This is one of the most refreshing things about this book – it allows you to have real emotions and reminds you that life isn’t good 100% of the time, we all have times when we get dragged down by the challenges we face, and that actually we don’t need to be good 100% of the time either:
You need not be a saint.
You are not a saint.
It’s okay not to be saintly.
It’s okay not to be ‘good’.
It’s okay not to be ‘bad’.
It’s okay not to be perfect.
What you are, right now, in this moment is okay, more than okay, it’s who you are.

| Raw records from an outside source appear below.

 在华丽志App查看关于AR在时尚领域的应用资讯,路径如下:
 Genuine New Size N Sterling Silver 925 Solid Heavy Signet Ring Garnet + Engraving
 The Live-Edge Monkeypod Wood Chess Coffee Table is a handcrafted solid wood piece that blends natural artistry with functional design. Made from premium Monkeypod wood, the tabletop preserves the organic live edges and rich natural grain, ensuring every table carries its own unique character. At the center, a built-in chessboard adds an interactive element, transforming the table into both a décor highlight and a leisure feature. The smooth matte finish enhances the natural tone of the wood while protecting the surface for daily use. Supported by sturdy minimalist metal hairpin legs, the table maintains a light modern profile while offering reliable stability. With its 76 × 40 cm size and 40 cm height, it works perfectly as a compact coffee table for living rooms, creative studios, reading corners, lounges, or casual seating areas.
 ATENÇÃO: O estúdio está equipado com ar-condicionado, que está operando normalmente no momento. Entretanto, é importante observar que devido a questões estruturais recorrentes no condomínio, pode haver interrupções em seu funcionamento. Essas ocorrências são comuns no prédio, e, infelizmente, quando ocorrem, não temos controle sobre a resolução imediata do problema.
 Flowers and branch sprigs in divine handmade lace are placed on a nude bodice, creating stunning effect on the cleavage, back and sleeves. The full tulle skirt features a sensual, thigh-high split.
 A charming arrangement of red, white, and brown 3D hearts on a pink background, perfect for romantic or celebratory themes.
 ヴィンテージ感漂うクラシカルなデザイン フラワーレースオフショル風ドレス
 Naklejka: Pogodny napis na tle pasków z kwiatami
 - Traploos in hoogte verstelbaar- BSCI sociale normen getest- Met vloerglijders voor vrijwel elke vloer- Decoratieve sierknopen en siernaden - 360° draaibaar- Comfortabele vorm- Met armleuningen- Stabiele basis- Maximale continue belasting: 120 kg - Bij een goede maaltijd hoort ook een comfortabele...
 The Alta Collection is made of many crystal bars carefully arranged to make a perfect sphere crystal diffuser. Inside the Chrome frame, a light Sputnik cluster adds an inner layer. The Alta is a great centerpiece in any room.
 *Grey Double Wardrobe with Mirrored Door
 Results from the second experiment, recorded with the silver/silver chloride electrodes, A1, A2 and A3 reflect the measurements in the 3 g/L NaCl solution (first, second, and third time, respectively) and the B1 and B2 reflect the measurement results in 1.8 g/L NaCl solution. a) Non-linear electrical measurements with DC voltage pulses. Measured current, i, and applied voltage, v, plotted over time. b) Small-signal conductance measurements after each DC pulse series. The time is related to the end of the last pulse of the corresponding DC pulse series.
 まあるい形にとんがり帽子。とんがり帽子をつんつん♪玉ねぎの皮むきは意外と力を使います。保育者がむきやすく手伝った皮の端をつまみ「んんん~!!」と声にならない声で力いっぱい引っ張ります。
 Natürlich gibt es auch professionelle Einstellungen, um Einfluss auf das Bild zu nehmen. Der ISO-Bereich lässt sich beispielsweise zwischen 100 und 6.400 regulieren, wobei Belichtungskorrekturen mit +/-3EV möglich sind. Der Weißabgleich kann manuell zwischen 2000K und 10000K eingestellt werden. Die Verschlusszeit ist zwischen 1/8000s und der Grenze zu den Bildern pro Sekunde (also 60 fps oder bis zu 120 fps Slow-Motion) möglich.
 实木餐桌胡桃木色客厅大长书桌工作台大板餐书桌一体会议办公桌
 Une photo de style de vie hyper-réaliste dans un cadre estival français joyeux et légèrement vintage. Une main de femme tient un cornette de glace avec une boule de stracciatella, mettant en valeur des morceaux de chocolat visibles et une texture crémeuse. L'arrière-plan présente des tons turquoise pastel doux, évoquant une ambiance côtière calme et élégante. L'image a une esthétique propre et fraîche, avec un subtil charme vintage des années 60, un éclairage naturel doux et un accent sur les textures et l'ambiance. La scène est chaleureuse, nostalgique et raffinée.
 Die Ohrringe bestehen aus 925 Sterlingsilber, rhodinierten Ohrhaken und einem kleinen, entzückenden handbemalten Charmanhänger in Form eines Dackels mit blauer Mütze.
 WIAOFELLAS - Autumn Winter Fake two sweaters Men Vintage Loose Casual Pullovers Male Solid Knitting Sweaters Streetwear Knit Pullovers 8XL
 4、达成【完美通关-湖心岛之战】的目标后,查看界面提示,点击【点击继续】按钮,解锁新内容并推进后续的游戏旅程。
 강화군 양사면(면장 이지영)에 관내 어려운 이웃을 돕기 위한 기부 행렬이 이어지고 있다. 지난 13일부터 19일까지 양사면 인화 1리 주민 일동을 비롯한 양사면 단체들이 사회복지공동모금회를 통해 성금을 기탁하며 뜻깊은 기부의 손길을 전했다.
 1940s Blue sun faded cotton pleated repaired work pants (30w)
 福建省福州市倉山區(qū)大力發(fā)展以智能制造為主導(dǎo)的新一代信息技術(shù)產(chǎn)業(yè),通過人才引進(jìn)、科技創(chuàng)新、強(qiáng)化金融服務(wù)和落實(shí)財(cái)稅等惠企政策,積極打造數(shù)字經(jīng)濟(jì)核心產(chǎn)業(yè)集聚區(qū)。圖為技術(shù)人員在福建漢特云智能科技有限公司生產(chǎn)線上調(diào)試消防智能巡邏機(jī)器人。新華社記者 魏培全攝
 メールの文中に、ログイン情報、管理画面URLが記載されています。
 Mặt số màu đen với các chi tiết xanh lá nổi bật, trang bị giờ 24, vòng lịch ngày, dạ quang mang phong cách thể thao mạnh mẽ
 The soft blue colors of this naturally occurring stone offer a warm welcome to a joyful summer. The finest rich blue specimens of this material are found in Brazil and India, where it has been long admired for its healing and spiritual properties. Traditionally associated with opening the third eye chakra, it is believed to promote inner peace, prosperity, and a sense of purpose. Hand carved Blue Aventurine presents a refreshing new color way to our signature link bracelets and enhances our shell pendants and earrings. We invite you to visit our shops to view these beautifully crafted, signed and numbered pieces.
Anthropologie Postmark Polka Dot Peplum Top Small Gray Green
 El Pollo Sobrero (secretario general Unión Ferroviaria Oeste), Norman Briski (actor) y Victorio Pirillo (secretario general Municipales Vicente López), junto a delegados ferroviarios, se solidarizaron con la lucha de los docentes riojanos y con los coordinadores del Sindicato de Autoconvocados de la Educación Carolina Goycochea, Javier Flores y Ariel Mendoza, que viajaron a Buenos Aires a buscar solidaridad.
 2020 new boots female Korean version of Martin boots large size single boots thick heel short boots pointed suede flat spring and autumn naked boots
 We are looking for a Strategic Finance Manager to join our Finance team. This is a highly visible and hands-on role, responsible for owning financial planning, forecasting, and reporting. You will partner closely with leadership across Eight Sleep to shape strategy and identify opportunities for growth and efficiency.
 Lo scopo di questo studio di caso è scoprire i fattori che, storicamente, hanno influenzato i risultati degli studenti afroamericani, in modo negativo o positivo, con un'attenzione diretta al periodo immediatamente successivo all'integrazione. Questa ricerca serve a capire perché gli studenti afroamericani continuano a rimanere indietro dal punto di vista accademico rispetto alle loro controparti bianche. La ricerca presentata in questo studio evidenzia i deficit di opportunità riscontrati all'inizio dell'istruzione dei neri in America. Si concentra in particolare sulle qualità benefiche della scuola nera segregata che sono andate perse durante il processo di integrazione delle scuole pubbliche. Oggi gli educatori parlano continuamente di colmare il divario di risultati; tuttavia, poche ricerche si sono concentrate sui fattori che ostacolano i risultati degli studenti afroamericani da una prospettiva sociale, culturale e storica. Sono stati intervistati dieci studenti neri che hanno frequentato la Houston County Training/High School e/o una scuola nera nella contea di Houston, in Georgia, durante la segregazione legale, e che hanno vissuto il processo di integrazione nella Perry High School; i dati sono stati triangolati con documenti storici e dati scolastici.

However, whilst it is a book that encourages you to accept who you are and how you are as perfectly okay, it still inspires you to aim for more. Kelly knows that the reason you have picked up this book is because you want to change, in some way, and she wants that change to happen for you too. But unlike so many “self-help” guides which suggest you practise techniques such as positive thinking, affirmations, and meditation to ‘change’ or ‘fix’ what we feel is wrong in our lives, Kelly invites us to embrace what is and allow change to happen naturally:
Don’t try to be present with your emotions and feelings in order to change them.
Being present allows them to simply be and sends a signal, that as you are, you are worthy of acceptance and care. The emotions over time dissolve on their own, without force or will…
When Everyone Shines But You is like a love letter to yourself, asking you to see who you are as a beautiful human being (warts and all) and that instead of needing to be something else, you are already perfect right now. This doesn’t mean that life is always rosy, and that you’re not going to want for more, or feel bad about yourself – that isn’t the point of the book. The message here is to realise that every single emotion you feel is showing you something, and when you can begin to embrace those emotions and hear what they are trying to tell you, change will come naturally. Because once you listen to your heart, you’ll find your own purpose in life rather than trying to live your life in accordance with others.
When I read the book, I could see the exact journey Kelly had taken whilst writing it. She writes from the heart, sharing the path she has taken and inviting us to walk with her. It won’t be for everyone – it’s not a book that tries to appeal to all, but rather a book that hopes to be honest and open. But for those who relate to the thoughts and emotions Kelly writes about, it will be a welcome breath of fresh air. There are no rigid steps to follow, no exercises that must be completed to ensure success, instead there are 39 short, easy to read chapters that feel like a letter from a good friend.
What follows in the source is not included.